Trace analytics visualizations
Services visualizations, such as a table or map, help you logically analyze service behavior and accuracy. The following visualizations can help you identify anomalies and errors:
- Services table
- A RED indicator, along with connected upstream and downstream services and other actions, is indicated in each table column. An example Services table is shown in the following image.
- General-purpose filter selection is used for field or filter composition. The following image shows this filter.
- The Services throughput tooltip provides an at-a-glance overview of a service’s incoming request trend for the past 24 hours. The following image shows an example tooltip.
- The Services correlation dialog window provides an at-a-glance overview of a service’s details, including its 24-hour throughput trend. You can use these details to analyze correlated logs or traces by filtering based on the
serviceName
field. The following image shows this window.
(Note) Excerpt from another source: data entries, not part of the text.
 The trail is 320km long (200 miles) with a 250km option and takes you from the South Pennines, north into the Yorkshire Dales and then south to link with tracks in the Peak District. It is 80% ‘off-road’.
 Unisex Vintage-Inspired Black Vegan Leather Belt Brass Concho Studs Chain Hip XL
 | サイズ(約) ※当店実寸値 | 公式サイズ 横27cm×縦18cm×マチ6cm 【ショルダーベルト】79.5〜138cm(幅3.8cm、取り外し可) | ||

- The Services RED metrics dialog window provides an at-a-glance overview of a service’s RED metrics indicators, including 24-hour error, duration, and throughput rate. The following image shows this window.
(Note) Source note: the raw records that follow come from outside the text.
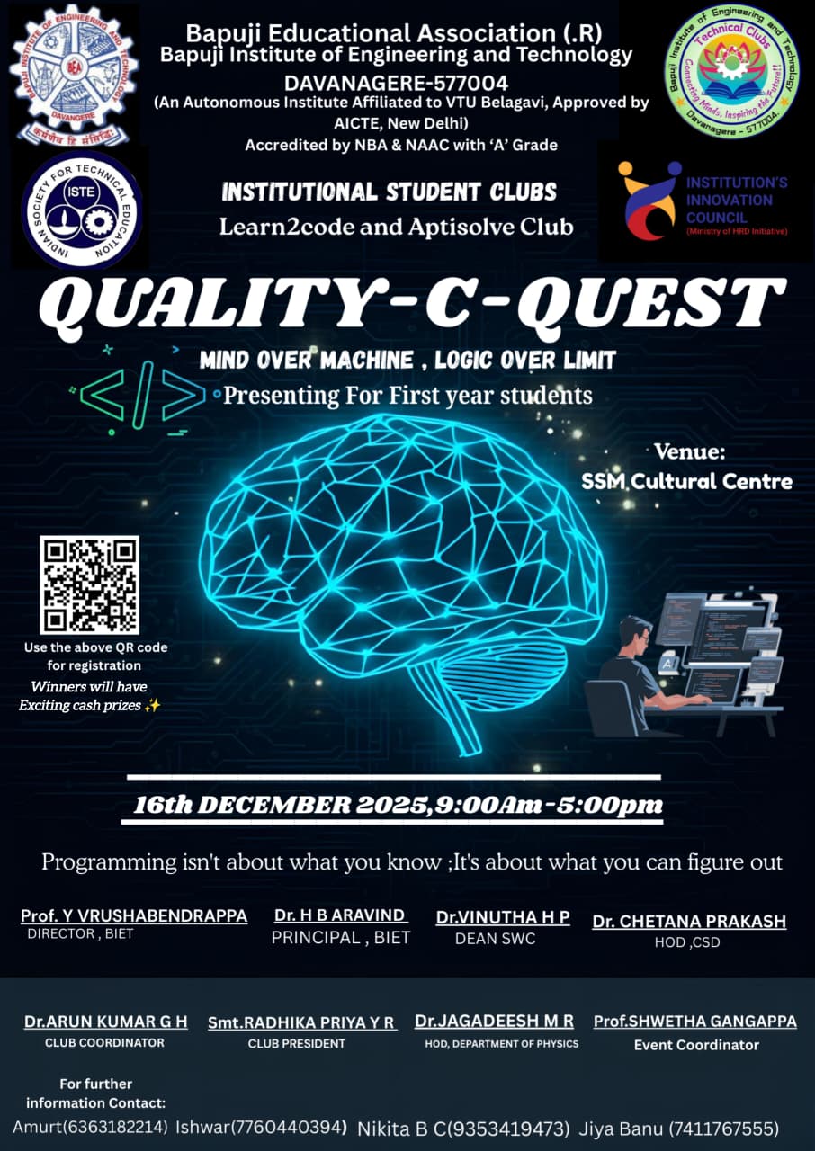 A one-day coding challenge for first-year students at BIET Davanagere, organized by Learn2code and Aptisolve Club. Held on 16th December 2025, it celebrates logic, problem-solving, and the spirit of programming with the theme “Mind Over Machine, Logic Over Limit.”
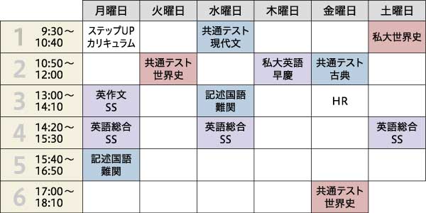 「難関私大」と呼ばれる、早慶上智などの難関私立大合格のためのコースです。年間を通して私立大学の入試問題を演習し、共通テストにも国公立2次試験にもない、その独特な問題を解く知識とノウハウを身につけていきます。
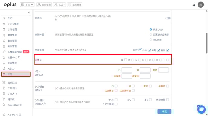 シフト管理の設定から曜日を指定して定休日を設定することが可能です。
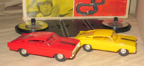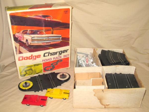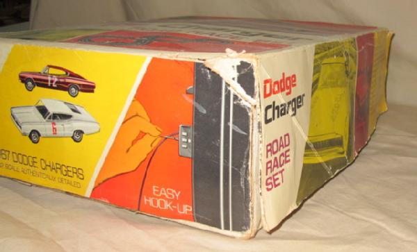 Set looks complete with both cars, did not test, box has a lot of wear and damage, still a great slot car set
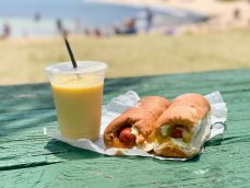 We had lunch at PukaDog, a Hawaiian hotdog joint. They had unique tropical relishes like mango, coconut, or starfruit and you pair it with homemade passion fruit mustard. Different but it was pretty tasty! The bun uniquely doesn’t wrap around your sausage, like your traditional bun but is a tube so your sausage slips inside! This way, your sauce doesn’t spill and ooze all over your hands.

- The Span details dialog window provides the details of a trace. You can use this information to further analyze a trace’s elements, such as attributes and associated logs. The following image shows this window.
- Service map
- The Service map displays nodes, each representing a service. The node color indicates the RED indicator severity for that service and its dependencies. The following image shows a map.
-
You can select a node to open a detailed dialog window for its associated service. This interactive map visualizes service interconnections, helping identify problems by service, unlike dashboards that identify issues by operation. You can sort by error rate or latency to pinpoint potential problem areas.
-
In the Service map dialog window, nodes represent connected downstream services dependent on the selected service. The node color indicates the RED indicator severity for that service and its downstream dependencies. The following image shows this dialog window.
- Trace groups
- Traces are grouped by their HTTP API name, allowing clustering based on their business functional unit. Traces are grouped by HTTP method and path, displaying the average latency, error rate, and trends associated with a particular operation. You can filter by trace group name. The following image shows the Trace Groups window.
- In the Trace Groups window, you can filter by group name and other filters. You can also analyze associated traces. To drill down on the traces that comprise a group, select the number of traces in the right-hand column and then choose an individual trace to see a detailed summary.
- The Trace details window displays a breakdown of a single trace, including its corresponding spans, associated service names, and a waterfall chart of the spans’ time and duration interactions. The following image shows this view.